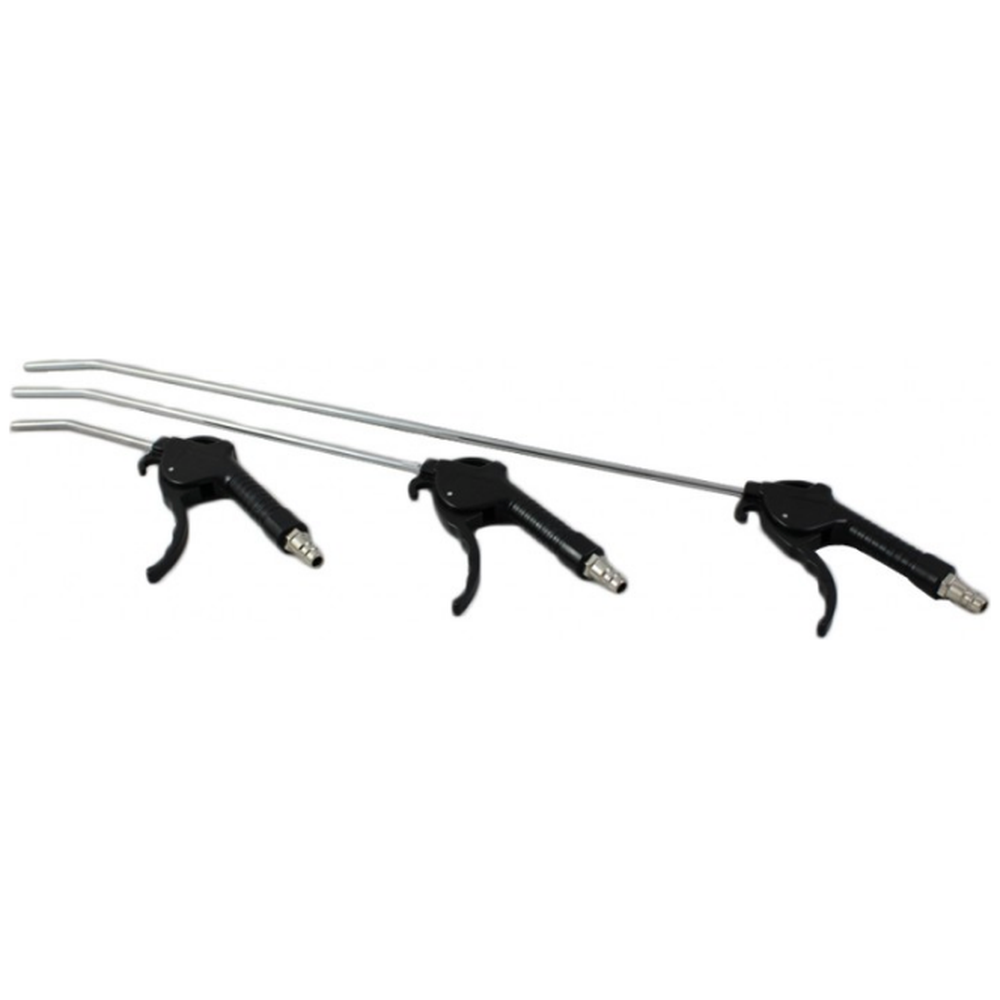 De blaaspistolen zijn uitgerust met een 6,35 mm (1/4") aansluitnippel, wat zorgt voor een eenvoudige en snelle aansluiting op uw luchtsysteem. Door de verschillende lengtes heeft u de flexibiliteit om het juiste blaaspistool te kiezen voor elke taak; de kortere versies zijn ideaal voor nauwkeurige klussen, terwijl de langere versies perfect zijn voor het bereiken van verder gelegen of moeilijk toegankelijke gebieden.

::::::::

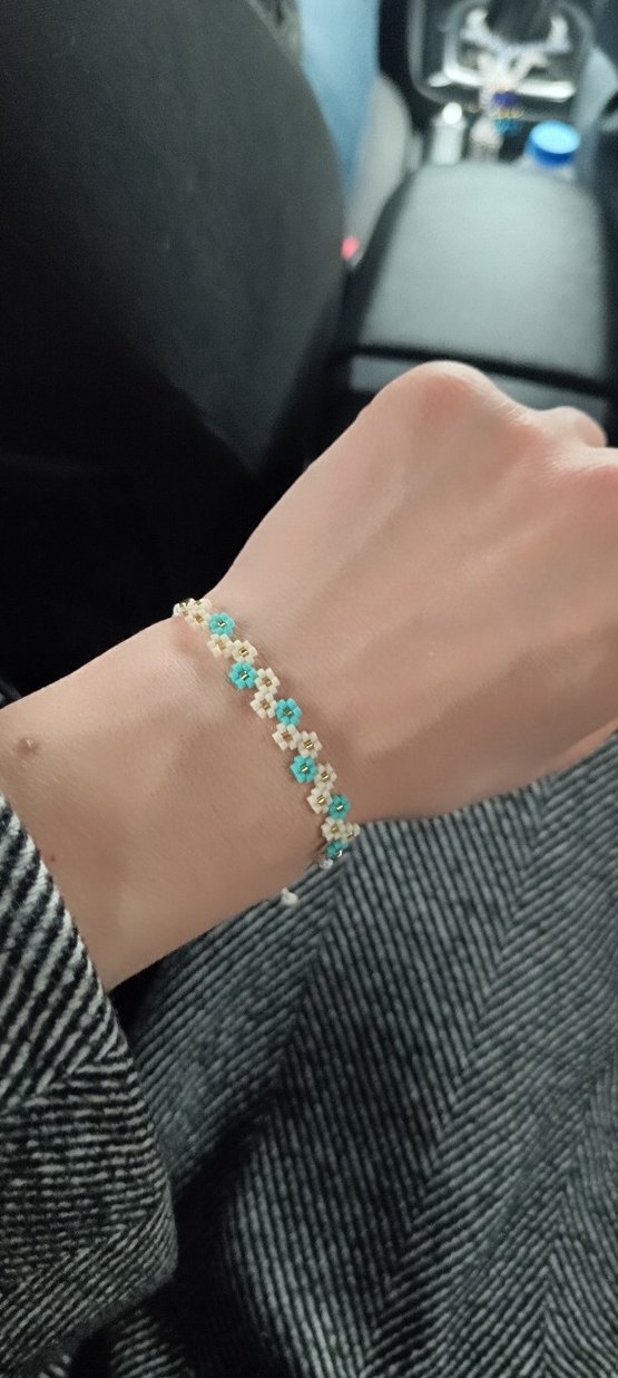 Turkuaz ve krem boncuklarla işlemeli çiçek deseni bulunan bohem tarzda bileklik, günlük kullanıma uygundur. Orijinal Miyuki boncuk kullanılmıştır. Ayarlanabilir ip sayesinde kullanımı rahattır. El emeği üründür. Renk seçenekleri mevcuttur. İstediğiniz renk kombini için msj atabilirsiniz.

::::::::

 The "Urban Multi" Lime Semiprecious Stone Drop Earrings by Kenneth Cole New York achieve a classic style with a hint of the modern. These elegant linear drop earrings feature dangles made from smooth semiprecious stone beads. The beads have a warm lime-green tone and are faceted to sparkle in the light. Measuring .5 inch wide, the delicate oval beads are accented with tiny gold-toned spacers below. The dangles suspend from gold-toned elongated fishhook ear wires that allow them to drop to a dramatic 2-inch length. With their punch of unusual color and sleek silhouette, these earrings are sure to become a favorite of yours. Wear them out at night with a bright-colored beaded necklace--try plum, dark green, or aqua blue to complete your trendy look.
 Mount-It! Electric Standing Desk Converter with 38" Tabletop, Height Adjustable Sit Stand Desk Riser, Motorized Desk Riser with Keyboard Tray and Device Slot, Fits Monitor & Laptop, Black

::::::::

## Exercise details
Identify the lines in the entries above that contain "with", then copy them out.

## Answer to this exercise
 The "Urban Multi" Lime Semiprecious Stone Drop Earrings by Kenneth Cole New York achieve a classic style with a hint of the modern. These elegant linear drop earrings feature dangles made from smooth semiprecious stone beads. The beads have a warm lime-green tone and are faceted to sparkle in the light. Measuring .5 inch wide, the delicate oval beads are accented with tiny gold-toned spacers below. The dangles suspend from gold-toned elongated fishhook ear wires that allow them to drop to a dramatic 2-inch length. With their punch of unusual color and sleek silhouette, these earrings are sure to become a favorite of yours. Wear them out at night with a bright-colored beaded necklace--try plum, dark green, or aqua blue to complete your trendy look.
 Mount-It! Electric Standing Desk Converter with 38" Tabletop, Height Adjustable Sit Stand Desk Riser, Motorized Desk Riser with Keyboard Tray and Device Slot, Fits Monitor & Laptop, Black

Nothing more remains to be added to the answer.